What if one of the futures fails? The fetchData() call might raise an exception because of a networking problem. The future’s failure will go unnoticed and will never be propagated to the outside. In other words, we can leak exceptions! Causing, once again, our sum to be incorrect without our awareness.
Last but not least: what if one of the futures gets stuck indefinitely and never ends? Let’s say the fetchData call hangs and never returns because of a deadlock or a bug in its implementation. In this case, our future and the thread hosting it will keep running in the background forever, consuming unnecessary resources. We will likely never be aware of it and will have no way of shutting it down. In other words, we can leak threads!

We can try to fix the problems above by adding some boilerplate code to keep track of the futures in a list, wait for them one by one to finish, and forward any exception that would be thrown.

1val sum = AtomicInteger(0)
2
3// A list to keep track of the created futures
4val futures = ArrayList<Future<Void>>()
5
6repeat(3) {
7    val future = CompletableFuture.runAsync {
8        val data: Int = fetchData()
9        sum.addAndGet(data)
10    }
11
12    // Add the future to the list
13    futures.add(future)
14}
15
16// Do something useful in the meantime in parallel
17Thread.sleep(2000)
18
19// Wait for all the futures and propagate exceptions
20for (future in futures) {
21    future.get()
22}
23
24// And then use the sum.
25println("The final sum is: $sum")

What we did here is actually “Making our concurrency more structured”: Instead of launching the background futures in the air and losing sight of them, we keep track of them in a list and wait for their completion. That is exactly what we mean by structured concurrency: The start and the end of the concurrent paths are clear and explicit.

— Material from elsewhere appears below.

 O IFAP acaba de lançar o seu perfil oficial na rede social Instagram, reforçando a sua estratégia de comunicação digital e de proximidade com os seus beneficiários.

However, not only is this boilerplate code cumbersome to write, it is also far from being perfect:

What if the first future encountered by our for loop throws an exception? In that case, the for loop stops iterating and propagates the exception to the outside without waiting for the remaining futures. So if one of them hangs or takes an unreasonably long amount of time to finish, we would still be potentially leaking threads! To solve this edge case, we need to catch the exception and cancel the remaining futures that are still running before propagating the error to the outside. That requires a much more involved boilerplate code than what we wrote.
We didn’t handle user cancellations. What if we want to enable the user to cancel the sum computation in the middle? Doing so would require even more boilerplate code to listen for cancellation signals and to propagate them to the futures we launched one by one.

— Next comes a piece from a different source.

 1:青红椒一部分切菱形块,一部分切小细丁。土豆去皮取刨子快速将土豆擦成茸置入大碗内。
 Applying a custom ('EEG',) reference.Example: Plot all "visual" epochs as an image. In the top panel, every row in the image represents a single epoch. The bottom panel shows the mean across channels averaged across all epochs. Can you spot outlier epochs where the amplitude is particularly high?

In summary, correctly structuring concurrency is complex and requires a lot of boilerplate code to make it bug free and 100% safe in all cases.

The good news is: structured concurrency is baked into the design of the Coroutines library, and we do not have to write any boilerplate code to use it and take advantage of it! So let’s check this out!

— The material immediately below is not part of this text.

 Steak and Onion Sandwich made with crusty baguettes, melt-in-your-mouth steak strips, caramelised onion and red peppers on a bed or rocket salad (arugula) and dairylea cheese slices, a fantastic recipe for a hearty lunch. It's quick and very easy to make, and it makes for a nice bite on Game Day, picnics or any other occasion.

Structured concurrency with Kotlin Coroutines

Let’s rewrite our code using coroutines and see what that looks like:

1suspend fun distributedSum() {
2    val sum = AtomicInteger(0)
3
4    // The coroutine scope acts like a parent that keeps track of
5    // all the child coroutines created inside it
6    coroutineScope {
7        // Create 3 coroutines that compute the total sum concurrently
8        repeat(3) {
9            launch {
10                val data: Int = fetchDataAsync()
11                sum.addAndGet(data)
12            }
13        }
14    }
15
16    println("The final sum is: $sum")
17}

This short and extremely simple code is already free from all the problems mentioned in the previous section: It cannot leak exceptions or coroutines, it will never print an incomplete sum or a wrong one, and cancellation is already possible!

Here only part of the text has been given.